The following is a simple example of a unit file using rkt to run an etcd instance under systemd service management:

[Unit]
Description=etcd

[Service]
Slice=machine.slice
ExecStart=/usr/bin/rkt run coreos.com/etcd:v2.2.5
KillMode=mixed
Restart=always

This unit can now be managed using the standard systemctl commands:

# systemctl start etcd.service
# systemctl stop etcd.service
# systemctl restart etcd.service
# systemctl enable etcd.service
# systemctl disable etcd.service

Note that no ExecStop clause is required. Setting KillMode=mixed means that running systemctl stop etcd.service will send SIGTERM to stage1's systemd, which in turn will initiate orderly shutdown inside the pod. Systemd is additionally able to send the cleanup SIGKILL to any lingering service processes, after a timeout. This comprises complete pod lifecycle management with familiar, well-known system init tools.

Advanced Unit File

A more advanced unit example takes advantage of a few convenient systemd features:

  1. Inheriting environment variables specified in the unit with --inherit-env. This feature helps keep units concise, instead of layering on many flags to rkt run.
  2. Using the dependency graph to start our pod after networking has come online. This is helpful if your application requires outside connectivity to fetch remote configuration (for example, from etcd).
  3. Set resource limits for this rkt pod. This can also be done in the unit file, rather than flagged to rkt run.
  4. Set ExecStopPost to invoke rkt gc --mark-only to record the timestamp when the pod exits. (Run rkt gc --help to see more details about this flag). After running rkt gc --mark-only, the timestamp can be retrieved from rkt API service in pod's gc_marked_at field. The timestamp can be treated as the finished time of the pod.

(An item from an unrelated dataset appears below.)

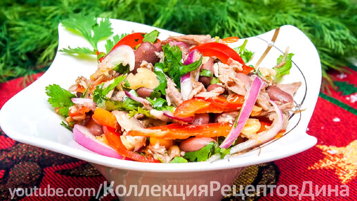 САЛАТ НА ПРАЗДНИЧНЫЙ СТОЛ С ФАСОЛЬЮ И ГОВЯДИНОЙ "Тбилиси" - вкусный рецепт без майонеза!

Here is what it looks like all together:

[Unit]
# Metadata
Description=MyApp
Documentation=https://myapp.com/docs/1.3.4
# Wait for networking
Requires=network-online.target
After=network-online.target

[Service]
Slice=machine.slice
# Resource limits
Delegate=true
CPUShares=512
MemoryLimit=1G
# Env vars
Environment=HTTP_PROXY=192.0.2.3:5000
Environment=STORAGE_PATH=/opt/myapp
Environment=TMPDIR=/var/tmp
# Fetch the app (not strictly required, `rkt run` will fetch the image if there is not one)
ExecStartPre=/usr/bin/rkt fetch myapp.com/myapp-1.3.4
# Start the app
ExecStart=/usr/bin/rkt run --inherit-env --port=http:8888 myapp.com/myapp-1.3.4
ExecStopPost=/usr/bin/rkt gc --mark-only
KillMode=mixed
Restart=always

rkt must be the main process of the service in order to support isolators correctly and to be well-integrated with systemd-machined. To ensure that rkt is the main process of the service, the pattern /bin/sh -c "foo ; rkt run ..." should be avoided, because in that case the main process is sh.

In most cases, the parameters Environment= and ExecStartPre= can simply be used instead of starting a shell. If shell invocation is unavoidable, use exec to ensure rkt replaces the preceding shell process:

ExecStart=/bin/sh -c "foo ; exec rkt run ..."

Resource restrictions (CPU, IO, Memory)

rkt inherits resource limits configured in the systemd service unit file. The systemd documentation explains various execution environment, and resource control settings to restrict the CPU, IO, and memory resources.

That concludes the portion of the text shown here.